Grace was too near to breaking something. The last glass pillar Severus stood on, that at least of the man he killed, he knew everything—she would shatter it. She forged ahead, taking his head shaking as doubt. She rolled her nightgown sleeves up past her elbows, counting the keys points on her fingers.

Severus nearly shushed her, as she ushered forth his daunting new understanding. She embodied too harsh a truth.

Listen, Severus, counseled a wizened, inner voice. Severus could imagine it in its wingback chair, surrounded by spinning bobbles. Listen. Let it break.

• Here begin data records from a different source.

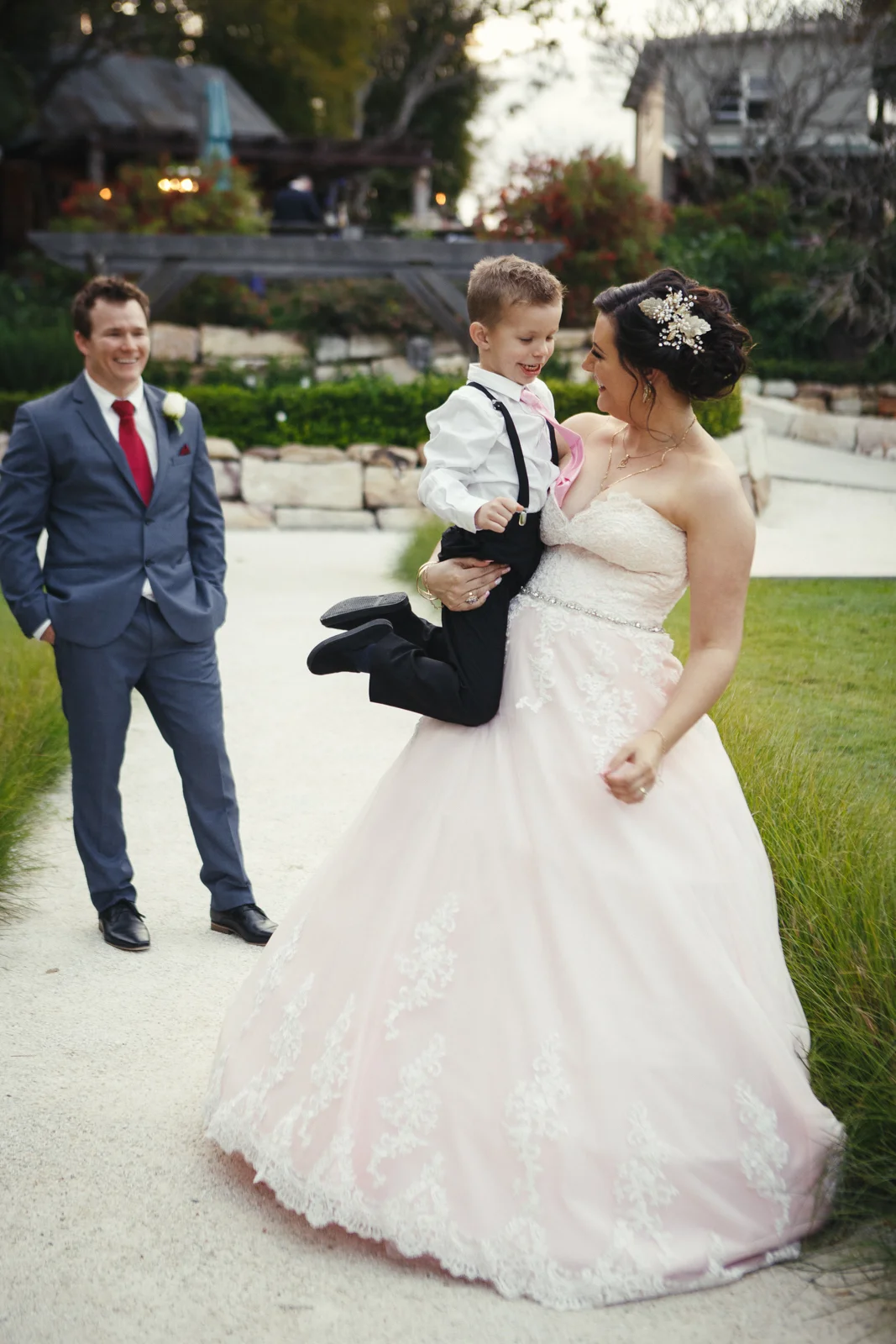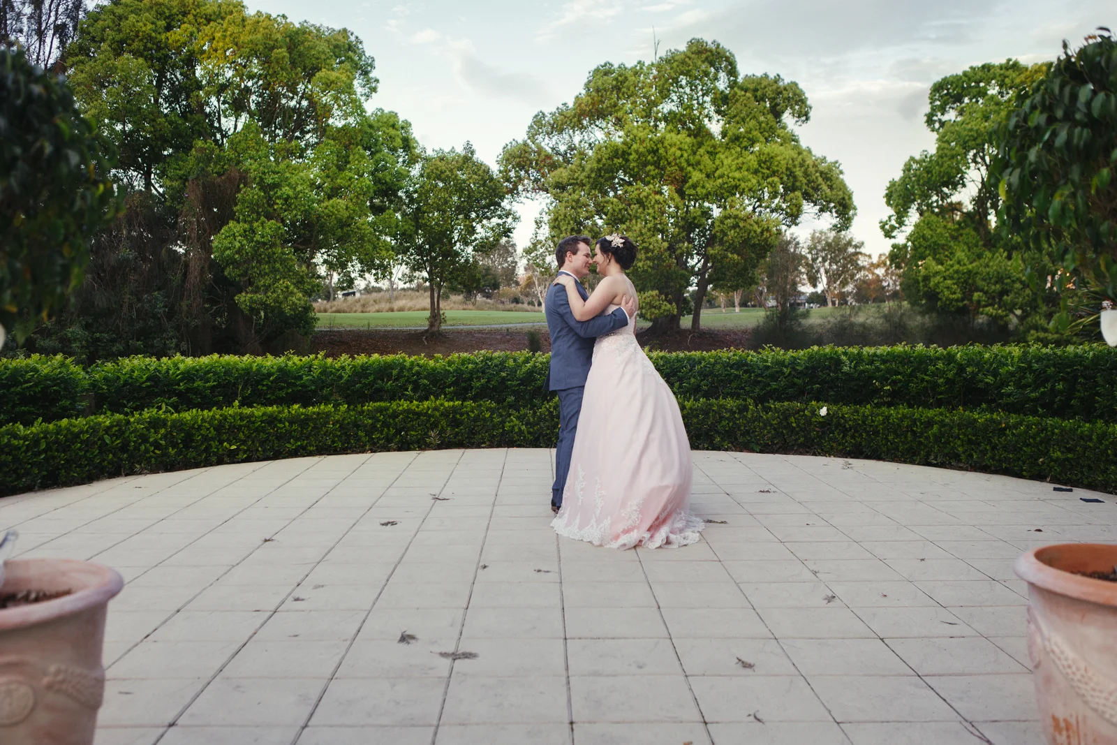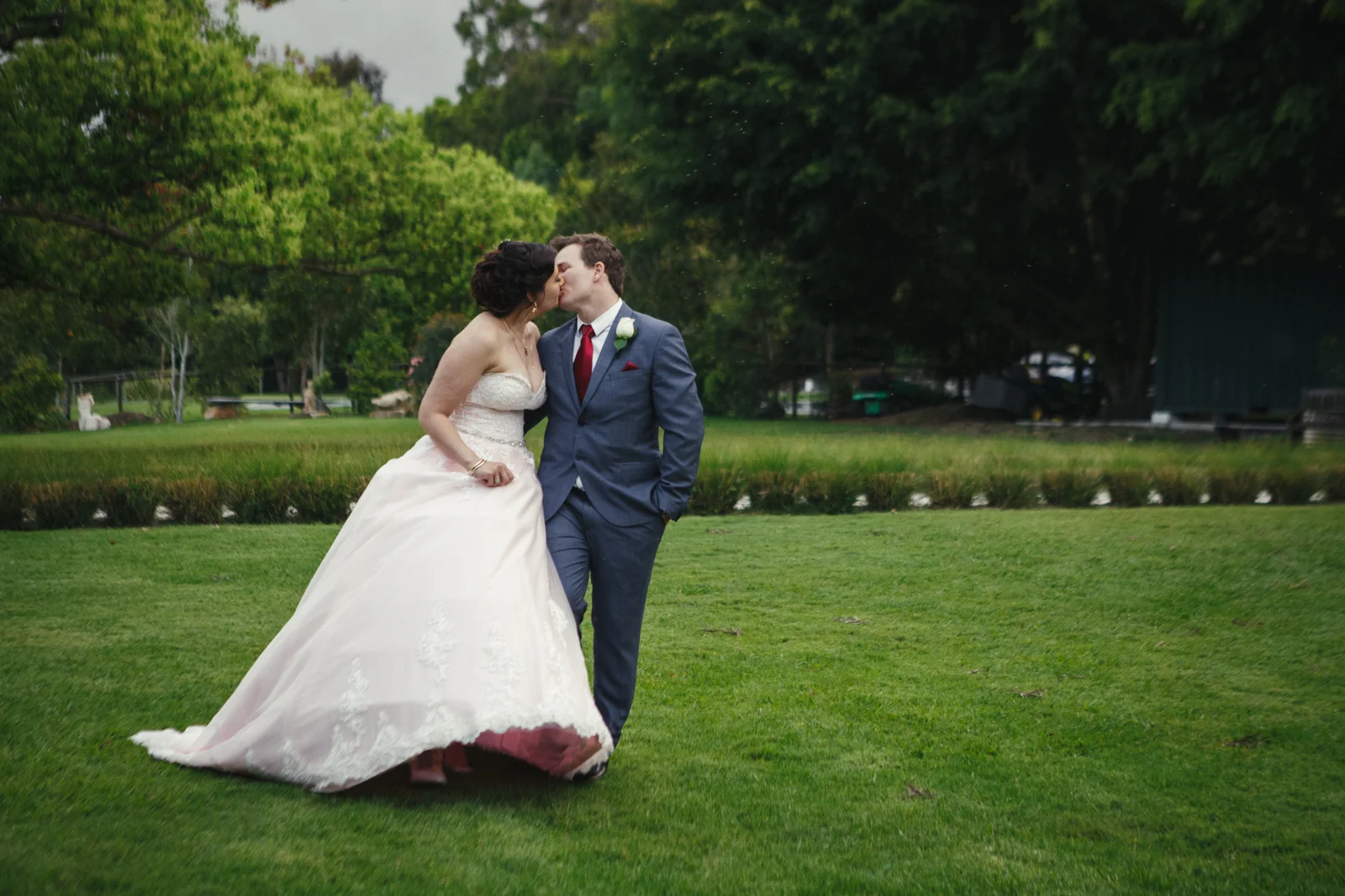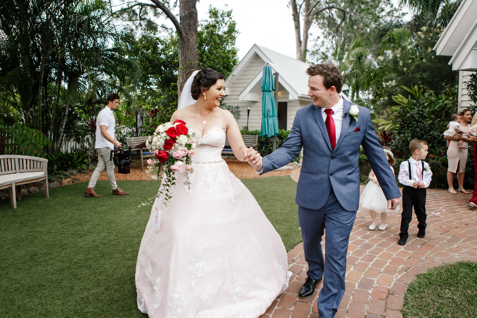 When one of our crew members turned up at Jenna's pre getting ready place, she had her two bridesmaids and mother surrounding her with a few laughs. With a deep dark red lipstick and a dress Jenna's mother made for her; the white lace meshed effortlessly with the pink undercoat to which we rarely see!! This sleeveless dress looked exquisite on Jenna with her hair done up and curled to the side, she truly looked like a dream. Accompanying her look was the two bridesmaids of her choosing who to which wore dark maroon floor length gowns with white trimming.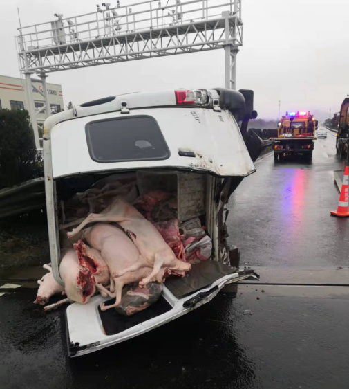 2022年2月7日下午3點半左右,紹興高速交警指揮中心接到駕駛員報警:在G1522常臺高速公路往嘉興方向215處有一輛小型車輛撞中央護欄,側(cè)翻在第一車道。接到報警后,紹興三大隊民警王錦霞和輔警羅人杰立即趕赴事故現(xiàn)場,在事故后方做好預警迅速上前,看到一輛小型車輛側(cè)翻在第一車道,車輛的前部,尾部,側(cè)面均受損,后門打開,一只只宰好的新鮮羊肉向外露出,所幸人員沒有受傷,在車輛后方10來米處放了一個防水護欄,后方車輛緩慢通行,現(xiàn)場比較擁堵。民警王錦霞和輔警羅人杰將警示樁在第一車道放好,并且疏導車輛往第二車道,同時呼叫拖車吊車到達現(xiàn)場。由于側(cè)翻在第一車道,車輛吊正、疏通現(xiàn)場,具有一定難度,加上后方車輛擁堵,開過來時間較久,直到晚上5點半左右,現(xiàn)場才被放通。
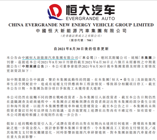 恒大汽车发布公告,鉴于本集团流动性的问题,在本集团恒大‧养生谷及新能源汽车生活空间配套中,造成有延迟支付供应商和工程款情况,导致部分相关项目停工。截至本公告日期,本集团为部分项目争取复工未获得重大进展。

"Why would I lie!? Look, Merry had this big house out there, this big, blue and white cottage-type house where you get in and it's crackin' huge! And creepy, like dead quiet, even though you have all these rooms like a hotel."

Merry Charing-Claire, the warwife. Severus knew the Healer Grace described, as she was one of many targets for Voldemort. Rumors said she delivered Muggleborn children in a hidden property, one never found. Albus had shown a little interest in her once, and then never again.

"Eileen squeezed my arm so hard, and I'd already gone into labor on the train to Sussex, so they gave me this nasty drink for pain, stronger than what your mum made. They took me to a bedroom and like that!"

She clapped, startling him.

"He popped out. Two hours of labor, tops. Four kids and till today, he was the quickest. So I'm sitting there, watching them clean him up, and he's wailing and—well, all newborns are kinda ugly, so he doesn't look great.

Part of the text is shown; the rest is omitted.